Gozó en vida de los dones de clarividencia y de milagros. En los últimos años de su vida no solo soportó los dolores físicos, sino los que le causaban los problemas de su familia y de su patria. Predijo su muerte, que ocurrió en su monasterio el día 6 de marzo del año 1282, cuando tenía casi setenta años de edad. Le sucedió en el gobierno del monasterio su sobrina nieta Kunhuta. Desde el primer momento recibió culto como venerable promoviendo su canonización la reina Isabel de Bohemia. Su primera biografía en latín fue escrita entre los años 1316-1328.

En el año 1874, el cardenal arzobispo de Viena, Joseph Frederick Schwarzenberg consiguió que su culto fuera reconocido “ab immemorabili” por el Beato Papa Pío IX mediante un decreto aprobado el 28 de noviembre del año 1874. Fue canonizada por el papa San Juan Pablo II el día 12 de noviembre del año 1989. En la homilía de la misa de su canonización, el Papa dijo: “La beata Inés de Bohemia, a pesar de haber vivido en un período de tiempo tan lejano del nuestro, sigue siendo también hoy un resplandeciente ejemplo de fe cristiana y de caridad heroica, que invita a la reflexión y a la imitación”.

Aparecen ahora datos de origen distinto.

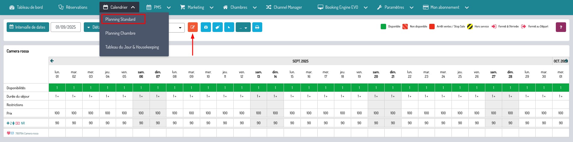 Afin de configurer cette fonction sur Octorate, allez dans la section Calendrier > Planning Standard et cliquez sur le bouton orange [Editeur Avancé]
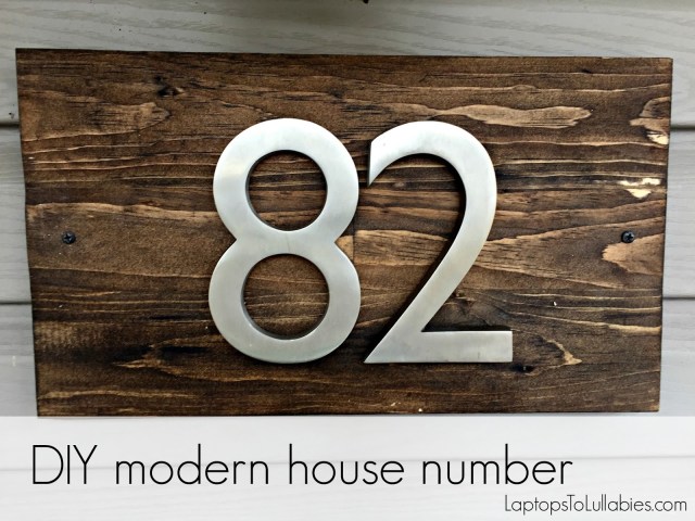 I was cruising Pinterest one day looking for front porch inspiration and I saw a house number plaque so beautiful it stopped me mid-scroll. It was a set of modern, brushed nickel numbers attached to a background of stained wood. Completely simple and yet totally perfect.
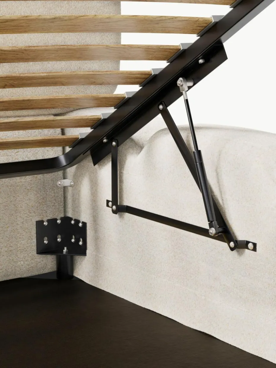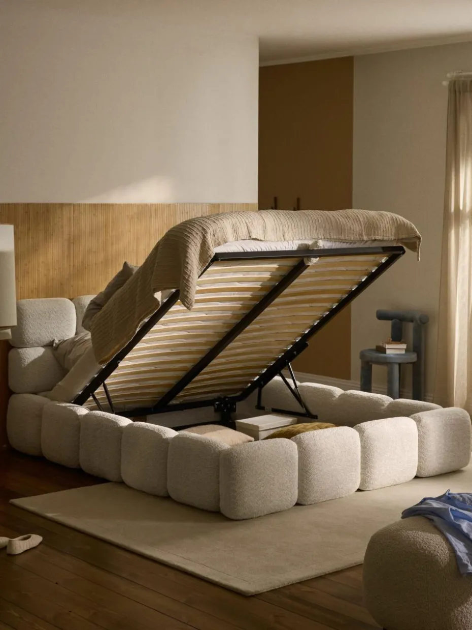 Das Polsterbett verfügt über eine Stauraumfunktion.
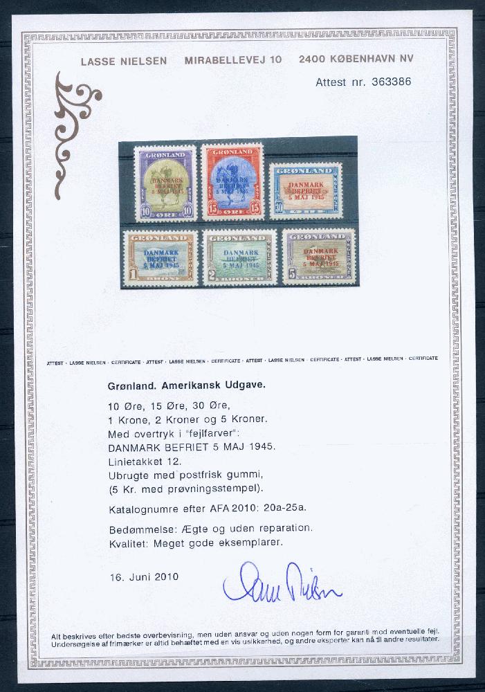 | Zusatzinformationen und Suchstichworte: | Skanfil Auktion - Frühling Auktion 2023 4. - 7. Mai 2023 Los 2532 Grönland 8-25a. Amerikansk Utgave, Danmark Befriet og "ændrede farver" (20a-25a). Tre fine postfriske serier - sidste med attest LN. (25400) Zuschlag 7.200,00 MOK |
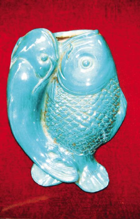 該藏品是清朝初年吳三桂叫人做的。他鎮(zhèn)守云南時,當?shù)貪h族女子很少,而漢族軍人又不愿娶少數(shù)民族女子為妻,所以吳三桂就叫人做了這種雙魚花插,兩條不同種的魚交尾(交配),能產(chǎn)生優(yōu)良品種的后代。這也體現(xiàn)了古人的優(yōu)生思想。(來源:東南網(wǎng))
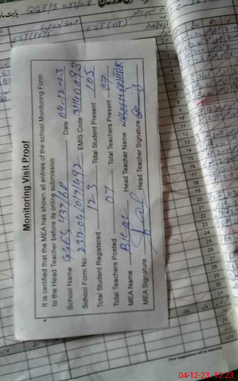 | EMIS Code: 31140093 | Name of School: GGES CHAK 437/6-R | |||
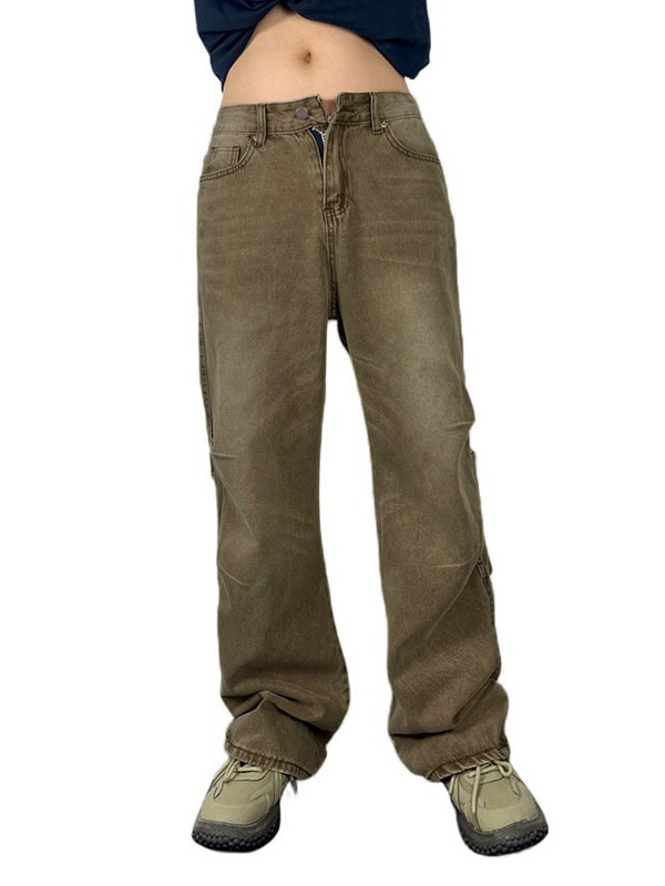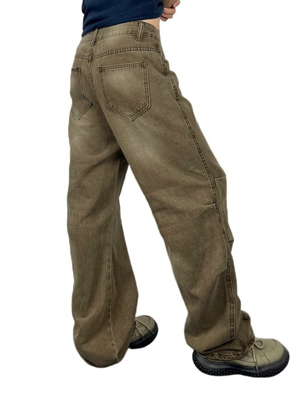 Vintage geraffte Low-Rise-Boyfriend-Jeans
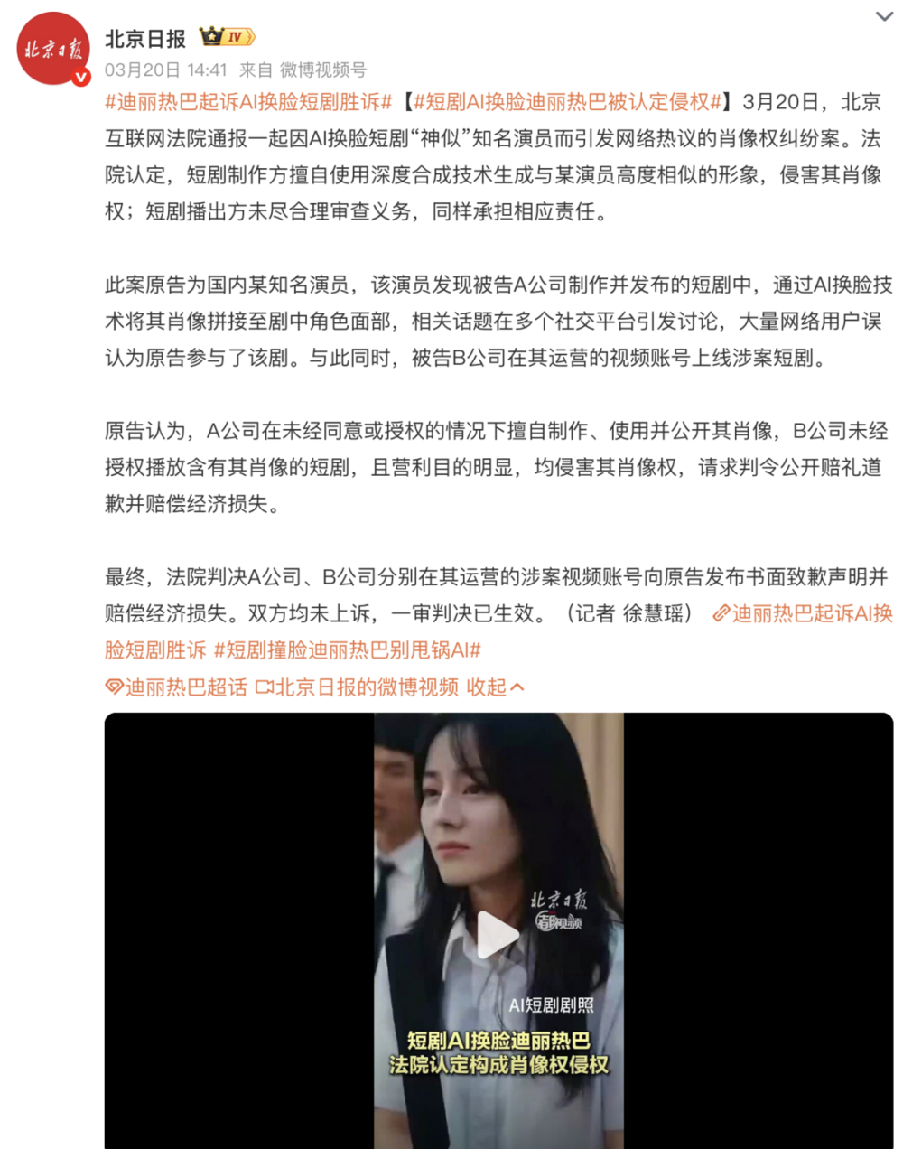 最终,北京互联网法院一审判决短剧制作方(阜阳志尚文化传媒有限公司)和播出方(杭州千炎万羽文化传播有限公司)侵犯肖像权,要求其公开致歉并赔偿经济损失。双方均未上诉,判决现已生效。
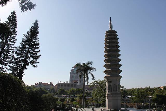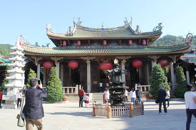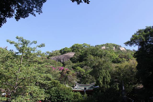 早餐后来到公交站等候公交去南普陀、厦大。公交站周边会有热心的出租司机告诉你怎么乘车,曾厝垵到南普陀寺公交车一元, 5站在厦大西村下车再往南走几分钟就到。南普陀寺位于福建省厦门市东南五老峰下,面临碧澄海港,该寺占地面积25.8万平方米,建筑面积2.1270万平方米。始建于唐朝末年,称为泗洲寺,宋治平年间改名为普照寺,明朝初年,寺院荒芜,直到清朝康熙年间才得到重建。因其供奉观世音菩萨,与浙江普陀山观音道场类似(北普陀寺),又在普陀山以南而得名"南普陀寺",为闽南佛教胜地之一。 寺内明万历年间血书《妙法莲华经》和何朝宗名作白瓷观音等最为名贵。南普随寺中轴线上主要建筑有天王殿、大雄宝殿、大悲殿、藏经阁等。两旁有钟鼓楼、禅堂、客堂、库房,另有闽南佛学院,佛教养正院,寺前有放生池,寺后近年新建"太虚大师纪念塔"。整座寺院气势宏伟,错落有序。南普陀寺为汉族地区佛教全国重点寺院 、厦门八大风景区之一 。我们来得早人还不多 (昨天是观音娘娘的生日,这里来了上万人,那是多么宏大的场景),但人潮已经熙熙攘攘了。南普陀香火旺盛不收门票,寺前有免费发放的香,在指定的地方供信徒焚香敬拜。大殿里、佛像前许多信众不分男女老幼都在虔诚的叩拜,并供上自己带来的供品,还有许多俗家弟子来到佛学院聆听大师宣讲佛经芸芸众生。这一点就很好,寺庙本该如此,是天下苍生祈福还愿的地方,不像有些寺院商业气息浓重,有辱佛家清净。
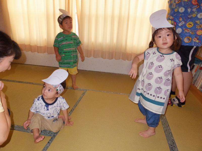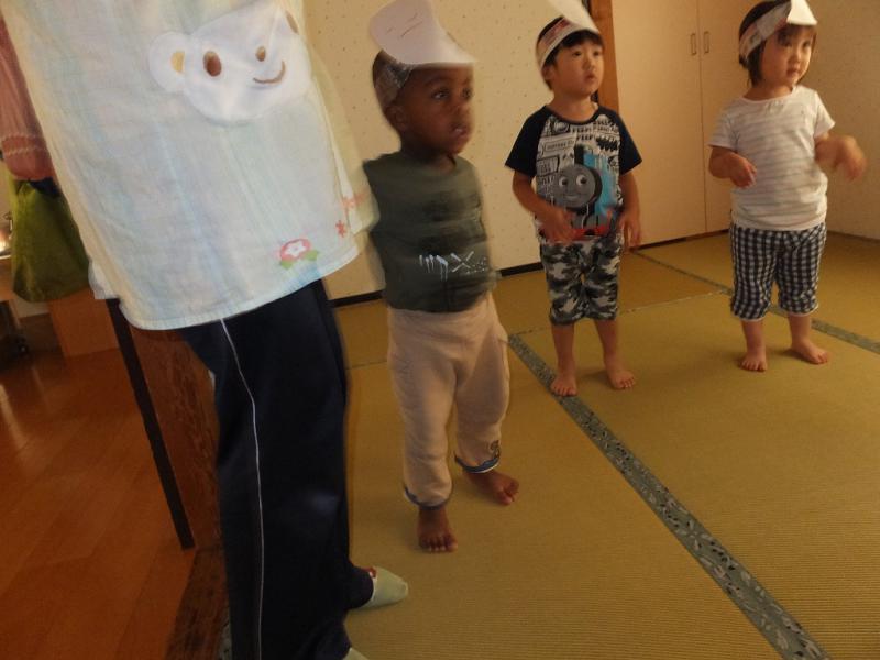今日も雨に降りこめられたこどもたち、さとこせんせいがおばけのかぶりものをつくってくれました。カーテンをしめてちょっと暗くした部屋で「おばけなんかないさ」とひと踊り、みんなで赤ちゃん部屋や、台所に顔をだしておばけのご挨拶をしてきました。

Vista del sepulcro actual de la Santa. Convento homónimo de Praga, República Checa.

Oración
Señor, Dios nuestro, que inspiraste la renuncia a los falsos placeres de este mundo a Santa Inés de Praga y la condujiste por el camino de la cruz hacia la meta de la perfección; te suplicamos que, siguiendo su ejemplo, antepongamos los valores eternos a los caducos. Amén.